France’s National Assembly Finance Committee has released a report on cryptocurrency assets and blockchain technology. Within the report Éric Woerth – the committee’s president – proposes that it would be necessary to ban activity relating to cryptocurrencies whose architecture obscures the identity of users, allowing transactional anonymity.

Challenges Created by Cryptocurrencies

Woerth discusses the legislative challenges faced by regulators in understanding and mitigating the perceived financial threats from cryptocurrencies.

“We must be aware of the problems that [cryptocurrencies] can pose in terms of fraud, tax evasion, money laundering or fraud, or energy consumption,”

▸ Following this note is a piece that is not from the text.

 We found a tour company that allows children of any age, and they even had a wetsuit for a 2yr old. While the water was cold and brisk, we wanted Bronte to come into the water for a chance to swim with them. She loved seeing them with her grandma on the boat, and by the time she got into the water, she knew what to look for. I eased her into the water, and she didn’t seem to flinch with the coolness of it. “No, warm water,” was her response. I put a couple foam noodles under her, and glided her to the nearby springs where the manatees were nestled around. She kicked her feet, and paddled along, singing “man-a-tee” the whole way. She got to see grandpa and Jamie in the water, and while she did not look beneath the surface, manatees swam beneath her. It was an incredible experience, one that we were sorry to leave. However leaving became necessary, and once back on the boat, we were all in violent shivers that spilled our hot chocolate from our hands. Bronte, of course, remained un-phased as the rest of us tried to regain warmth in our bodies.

“It would also have been appropriate to propose a ban on the dissemination and trade in [cryptocurrencies built] to ensure complete anonymity by preventing any identification procedure by design,” Woerth adds. “This is the case for a certain number of [cryptocurrencies] whose purpose is to bypass any possibility of identifying the holders. To date, regulation has not gone that far.”

Tired Stereotypes

Rhetoric insinuating the enabling of illegality from anonymous digital assets will grate with cryptocurrency advocates (and those still affected by the 2008 subprime crash). Time and time again legislators and legacy financiers have voiced their ‘concerns’ surrounding the supposed illicit and illegal transactions encouraged by cryptocurrency use. Warren Buffett even went so far as to describe Bitcoin as ‘Rat Poison Squared’. However, as many in the cryptocurrency industry have pointed out, cash and the ultimate anonymity it provides is still king of crime.

Recent news stories of European banks drawn in to money-laundering allegations (including Danske Bank A/S, Swedbank AB and Nordea Bank Abp) have hit headlines. The International Monetary Fund estimates that 5 percent of global GDP, that’s $2 trillion, is laundered every year. And yet these money-laundering crimes are being committed by the very institutions who are quick to denounce the perils of anonymous cryptocurrencies – ‘protecting’ the public from crime.

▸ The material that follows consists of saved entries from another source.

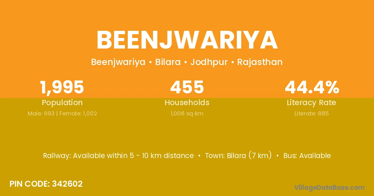 Bilara (7 km) is the nearest town to Beenjwariya village for major economic activities and is located approximately 7 km away.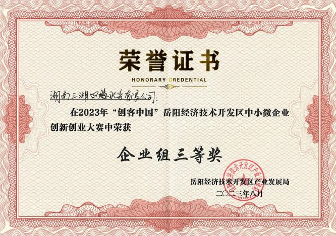 8月18日,2023年“創(chuàng )客中國”岳陽(yáng)經(jīng)開(kāi)區中小微企業(yè)創(chuàng )新創(chuàng )業(yè)大賽在岳陽(yáng)華瑞丹楓建國飯店舉行,湖南三湘四海水務(wù)有限公司“智慧加藥系統”項目獲得企業(yè)組三等獎。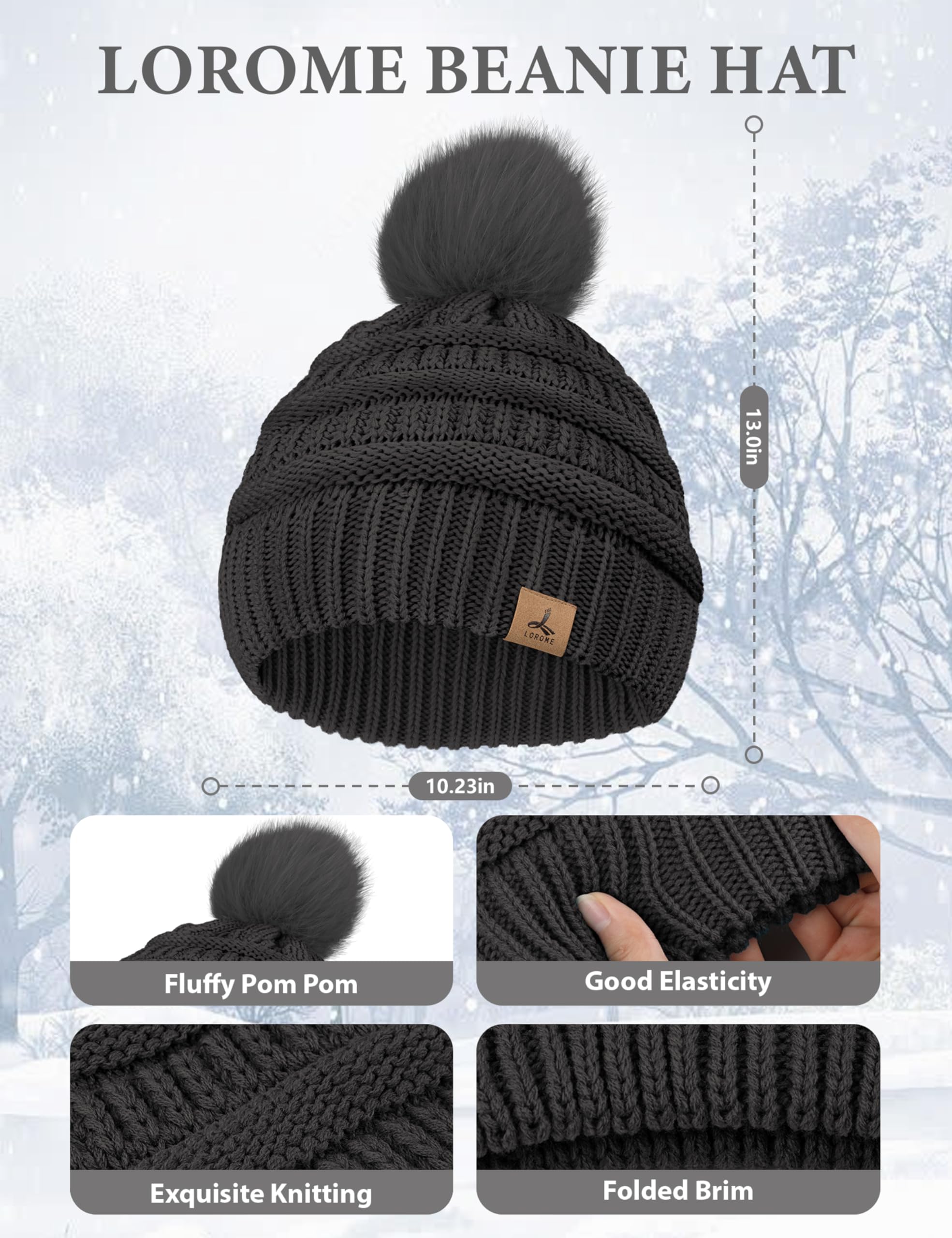 Exquisite Design - You may withstand the chilly weather in style by wearing the LOROME branded beanie set for women, featuring knitting tech, furry pom pom, dual layered and flanging brim design, thick cuff gloves with touchscreen design on thumb and index fingers.

Interestingly, Woerth’s comments do not extend to the wider cryptocurrency ecosystem, suggesting a potential future compromise.

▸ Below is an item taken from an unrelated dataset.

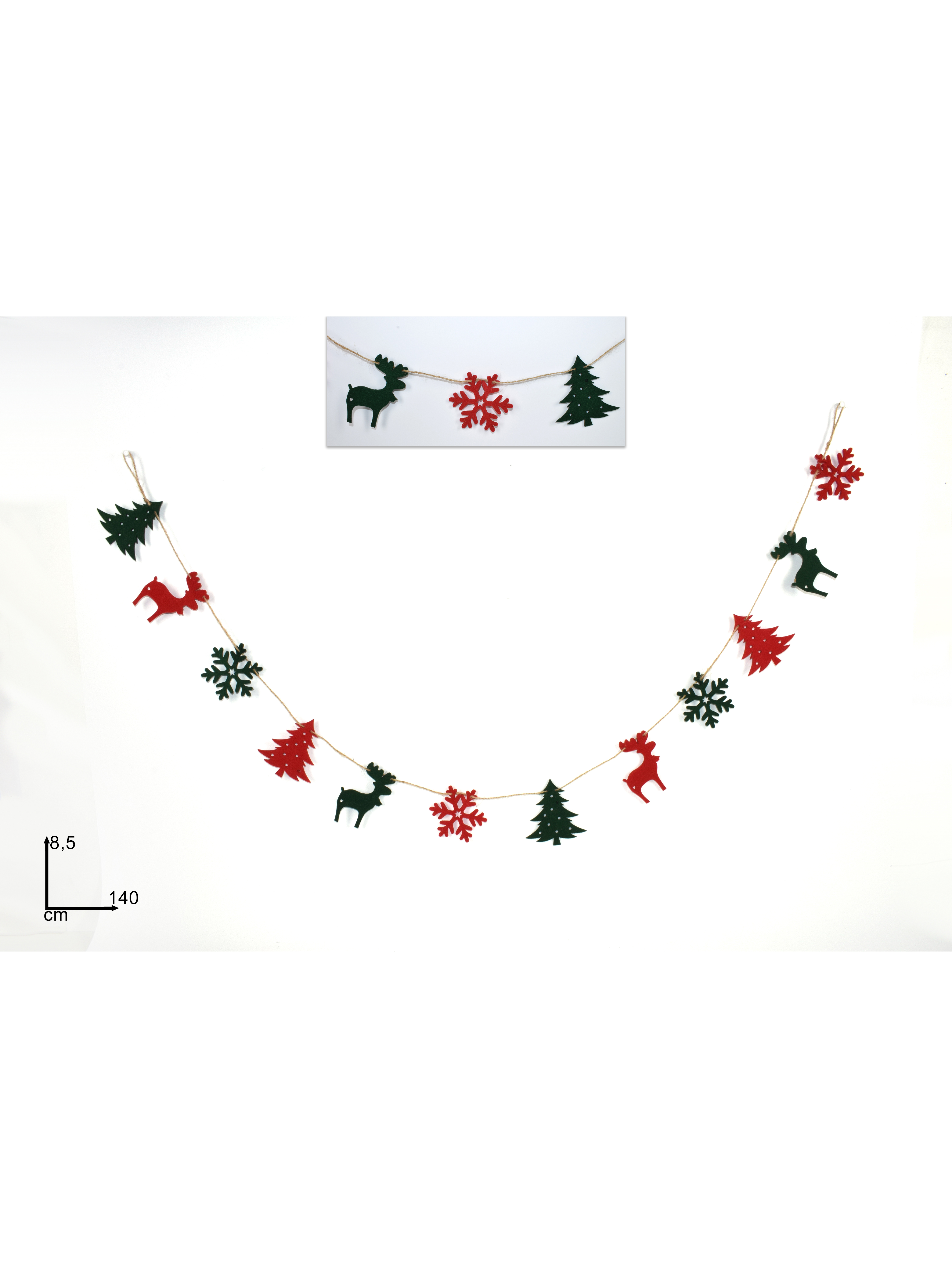 Χριστουγεννιάτικη γιρλάντα τσόχινη με ταράνδους και δεντράκια 8.5x140cm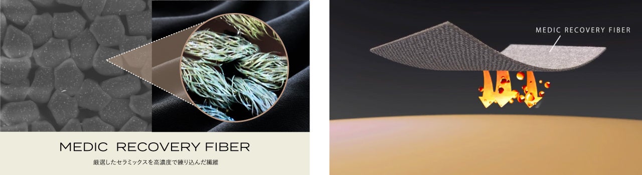 天然鉱物を原料とするセラミックス。その中でも純度の高い厳選したセラミックスを数種類ブレンドし、繊維に高濃度に練り込んだ「MEDIC RECOVERY FIBER」を独自開発。さらに、特殊な糸形状により体温の吸収と遠赤外線放射を高めることで、効果的に体を温め、血行を促進しやすくし、高いリカバリー効果を実現しました。また、唾液アミラーゼ活性値測定では交感神経の活性度と相関する唾液アミラーゼの優位性がみられて、リラックス度アップの期待もあります。

“The distinction between the different uses of [cryptocurrencies] must continue, to establish a finer and more precise regulation protector of the general interest, as well as the private interest of the entrepreneurs of this domain,” writes Woerth.

Indeed – many in the industry believe that we are past the ‘pandora’s box’ moment – and are therefore witnessing existing legacy institutions coming to terms with this brave, new digital world.